Forum Discussion

Matt_Is_My_Name's avatar
8 years ago

Intermittent System Outage returns.

I am creating a new topic since I marked the last one as having a solution.. My previous topic still has the same information, but I will give a new consolidated version of what is happening and the steps which have been taken to resolve them.

 

I admit I was too quick to mark the thread as solved, and should have waited for the weather to clear up. Lately the weather has been great around here, and weather around the gateway (Albuquerque NM) does not seem to have an effect either. I waited two weeks to allow things to settle in, and the issue exists the same as before.

 

The issue:

  • The system goes offline once every 10 - 15 minutes. The outage usually lasts between one minute and five minutes.
  • An identical sequence of events happens every outage. First the system light on the modem goes off. When the system light comes back on the LAN light will then go off. Once the LAN light comes back on service is back to normal. The duration of the system light being out seems to vary, and the amount of time the LAN light is out is pretty constant at 10 or so seconds.
  • Every outage is shown as the terminal being disassociated from the gateway. The log entries state that this was caused due to the terminal missing keep-alive messages. Example from the logs: "ASSOC: Terminal Dis-Associated Reason=IPGW 'ALB23HNSIGW72A003' not reachable - missed keep alive messages"
  • Sometimes shows TCP acceleration is down or in a degraded state before the system light goes out.

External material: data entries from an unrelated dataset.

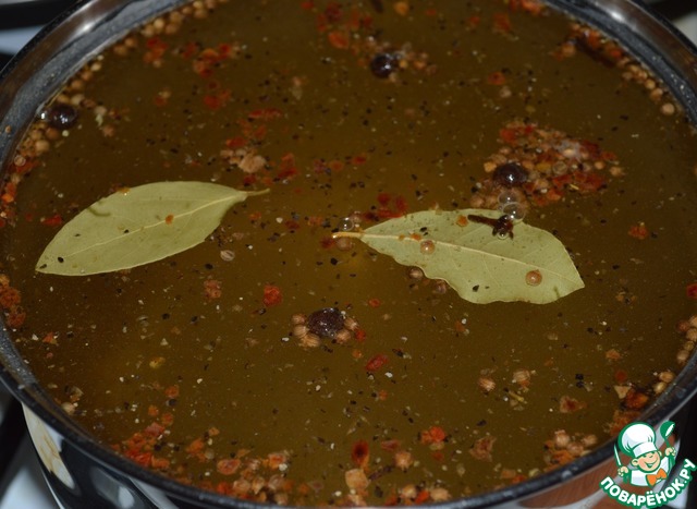 Приготовить рассол: в воде растворить соль и сахар, добавить все специи и прокипятить в теч. 5 мин.
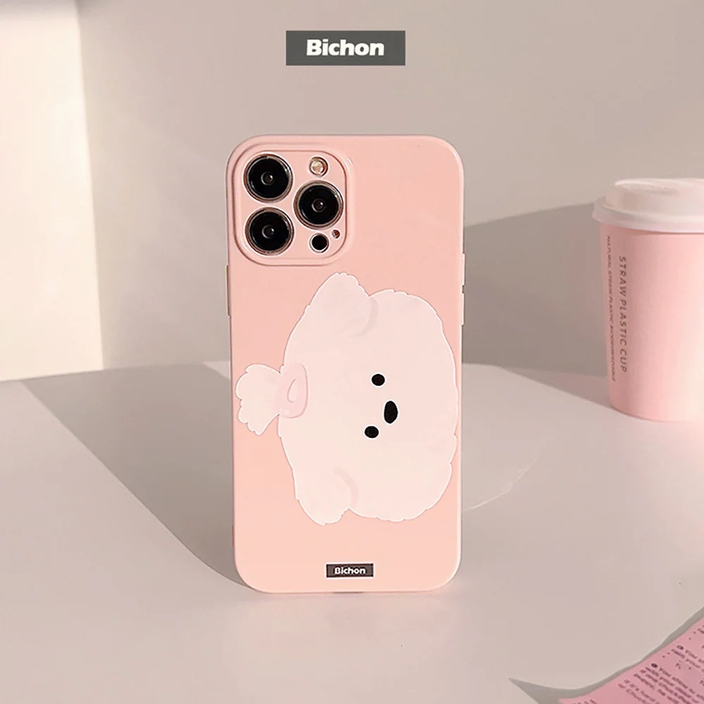 油絵風ふわふわ子犬デザイン iPhone 14 スマートフォンケース Apple 16 Pro Max 対応 11 シリコン 12 対応 15 iPhone 16 Pro Max
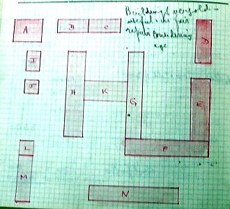 218 | A B,S&Th barn B S&T open shed 6 C B,W&I B floor Cow ho. 5 D B,S&T B floor calf ho. E B,S&T Cobble floor stable 6 F 2 B,W&Th Looseboxes G B&T B floor nag stable 3 H B&T B floor trap ho. I B,W&T Cart shed 4 J B,W&Th open shed K 3 B&S B floor pigstyes L B,W&T open shed 4 |
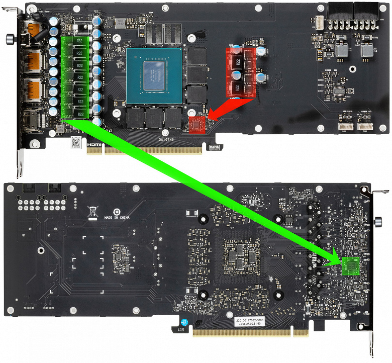 Зеленым цветом отмечена схема питания ядра, красным — памяти. ШИМ-контроллер NCP81610 (On Semiconductor) отвечает за работу фаз питания графического процессора. Он находится на оборотной стороне PCB.
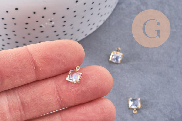 Este colgante cuadrado de 9 mm , realizado en cristal transparente y latón crudo , es un delicado charm ideal para añadir un toque de refinamiento a tus creaciones de joyería.
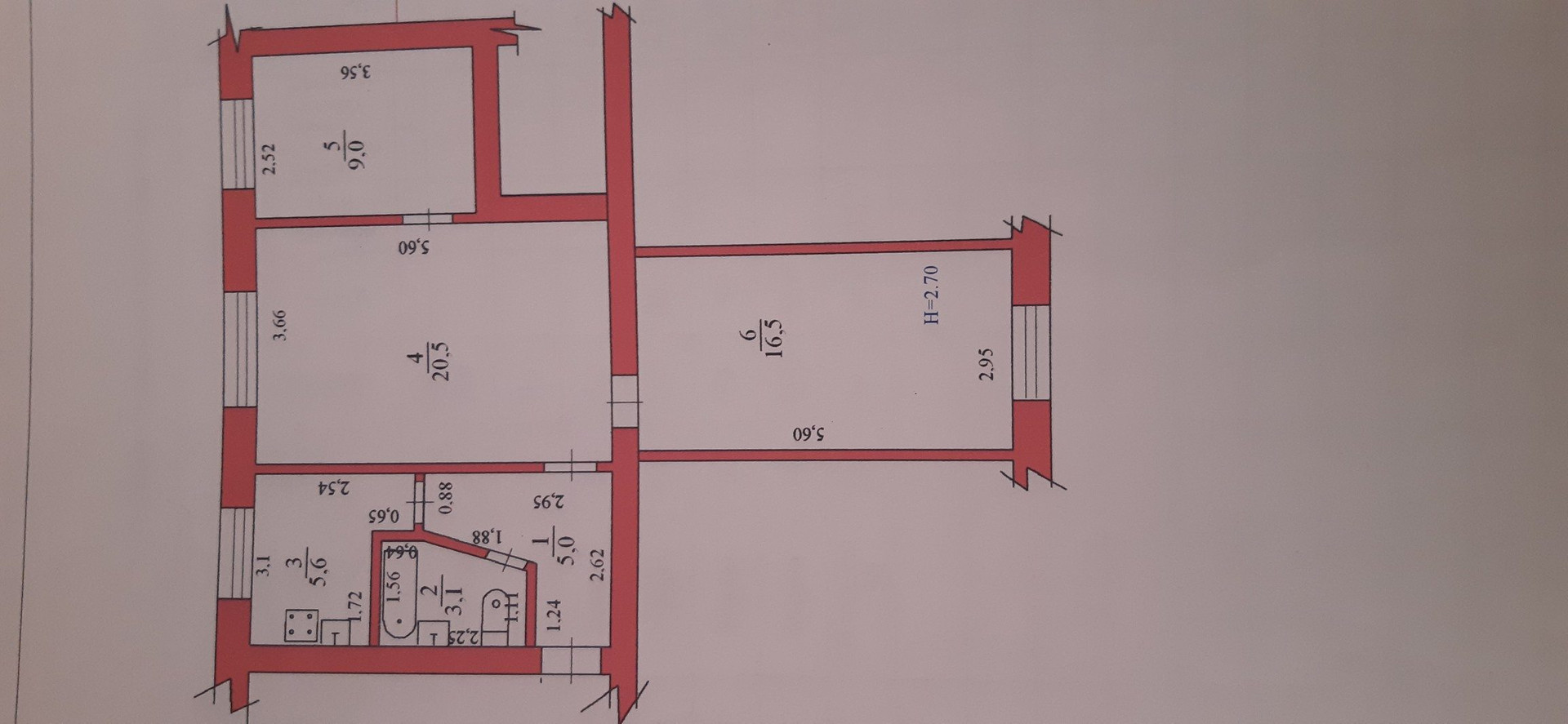 Жилая площадь 59.7 м2
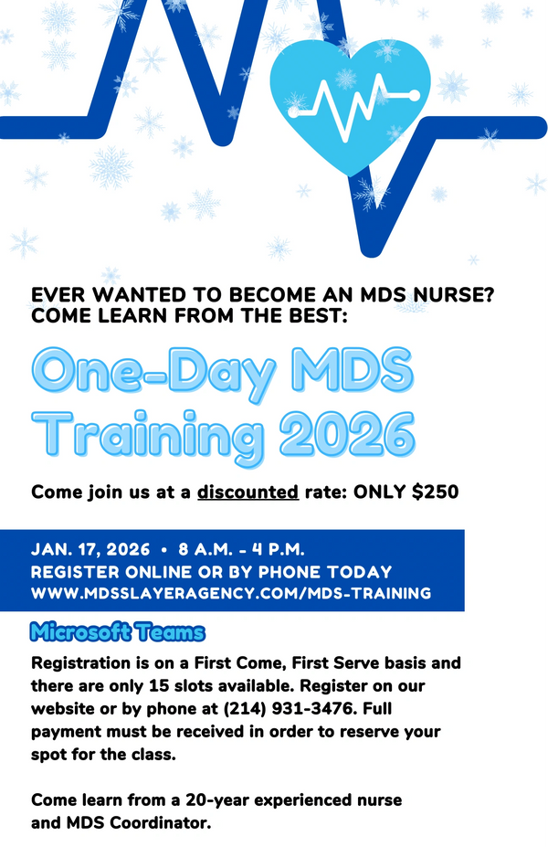 Training sessions will be held based on demand. The next 2025 MDS Classes will be January 17, 2026. Please click the link below to register.
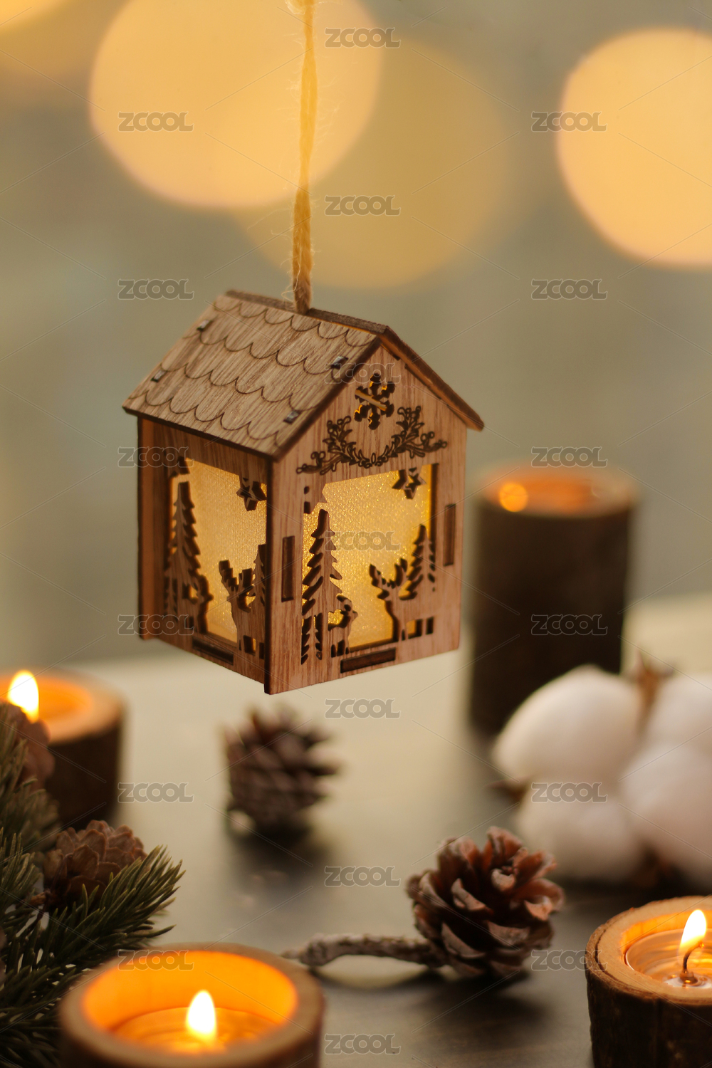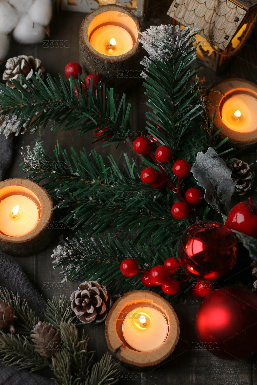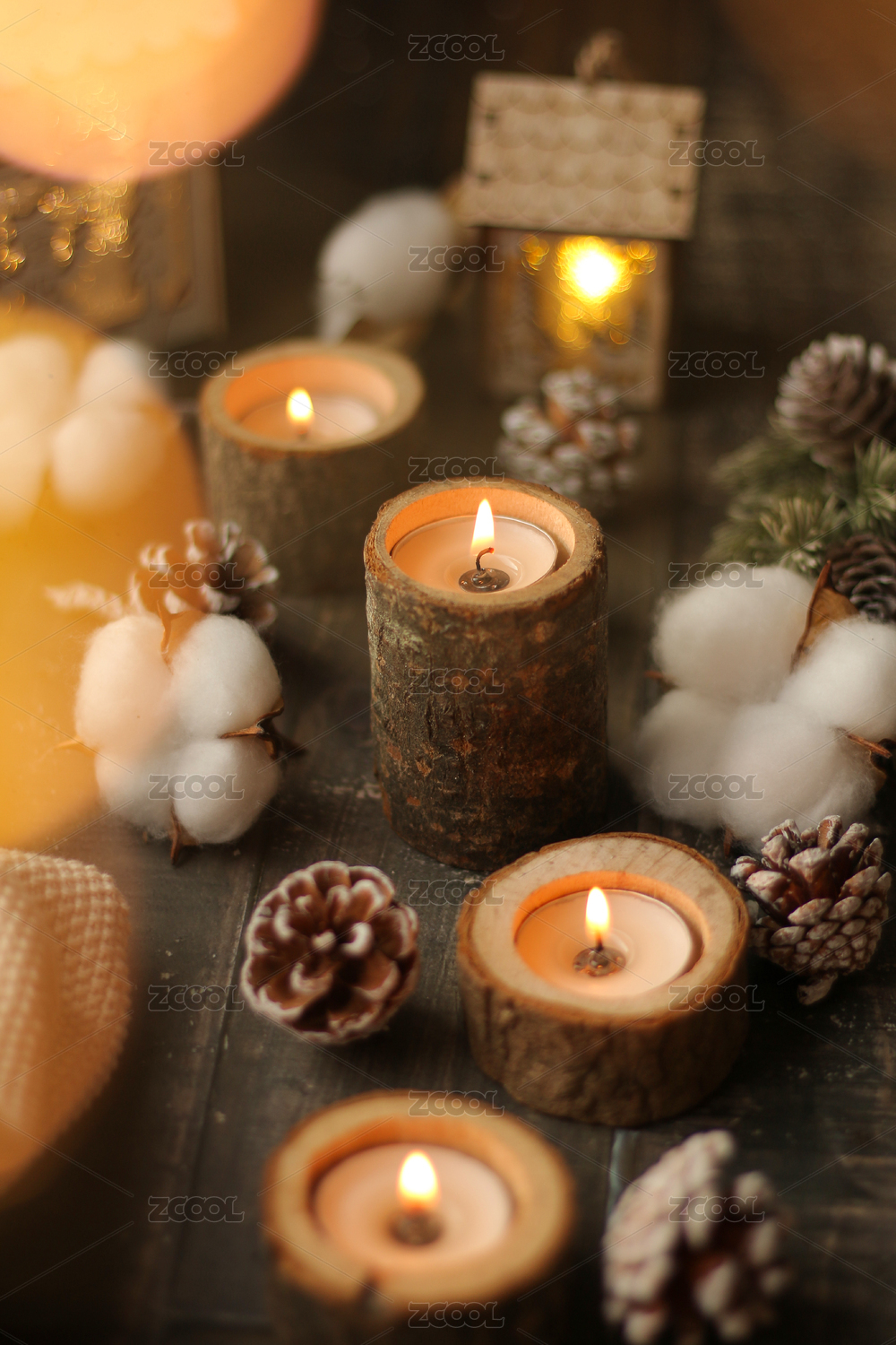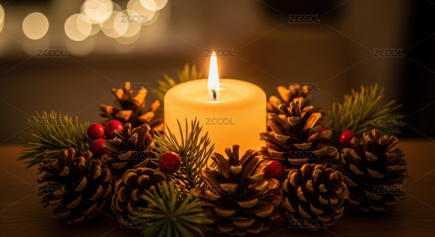 暗调,圣诞节,松果,蜡烛,烛台,光影,暖色,竖图,节日,氛围

The logs show that this occurs even when signal quality is good. From the recent history I can see that it has occured between 109 and 115 SQF. 

 

Steps taken:

 

By me

  • Removed router from the network. The PC is connected directly to the modem.
  • Attempted using a different computer. In addition to the Windows PC I tried with a Linux laptop, and a second Windows Laptop. All of which were directly connected to the modem, and the issue persists.
  • Used different ethernet cables. I even cut a section of CAT 6 Mohawk out of a box I was given and put new connectors on it. Although that was mainly to see if I could remember how to do it.

By Hughesnet

  • Sent a tech out to my house.
    • New modem
    • New outside radio
    • Realigned dish
    • Replaced coaxial connector at the ground block which had water infiltration.

 

I am not sure what else can be done. I have been noticing more topics about this issue showing up in the tech support forum.

 

Beam ID23
Outroute ID39
Gateway ID2

  

I know it's a long shot, but can anyone with these IDs confirm that their service is working normally?

 

Thanks in advance!

  • Liz's avatar
    Liz
    8 years ago

    Good morning folks,

     

    Just received an update that the network adjustments to address this concern have been implemented. Please let me know if the intermittent connectivity persists for you today.

     

  • Hi Matt,

     

    Thanks so much for your well-organized post, this helps a lot. I've run diagnostics on your site and nothing of concern is jumping out at me so far. Please let me investigate further to see what we may do next.

     

    Your cooperation, patience, and understanding are much appreciated.

     

  • Matt,

     

    This surely sounds a lot like what is happening on my system. However, due to the physical layout of my house, the location of the modem, and the location of my computer, I almost never get to see the lights on the modem as the problem occurs. (For one thing, I am 71 years old and I just don't move that fast any more.)

     

    My system is a Gen4 system that is 3 years old. It seemed to work well for most of that time but perhaps around the early part of April, I began to be concerned about apparent occasional outages lasting typically about 4 minutes or so. I detect them about 3 or 4 times per day but they certainly seem to occur at random times.

     

    Like you, I simplified the system by removing my WiFi router and reverting to a direct EtherNet cable directly from the modem to my computer which is a Windows 10 system.


    I have become so fed up with this problem that I am right on the verge of throwing in the towel and just junking the whole thing. I have been fighting with tech support over this for days.

     

    Very similar to your case, a service tech was sent to my house who replaced the transmitter/receiver electronics on the dish itself. Because it is an intermittent problem, I was unable to know if this resolved the issue or not but by the very next day, it was clear that the problem was still there. I called on the service tech for some advice. He suspects the modem is faulty but is unable to authorize its replacment himself. He also suggested that I try powering the modem from a different power circuit in the house and checking that all connections were good and secure. With the power off, I disconnected each connector several times to be sure good contact was being made. Then I restored the power.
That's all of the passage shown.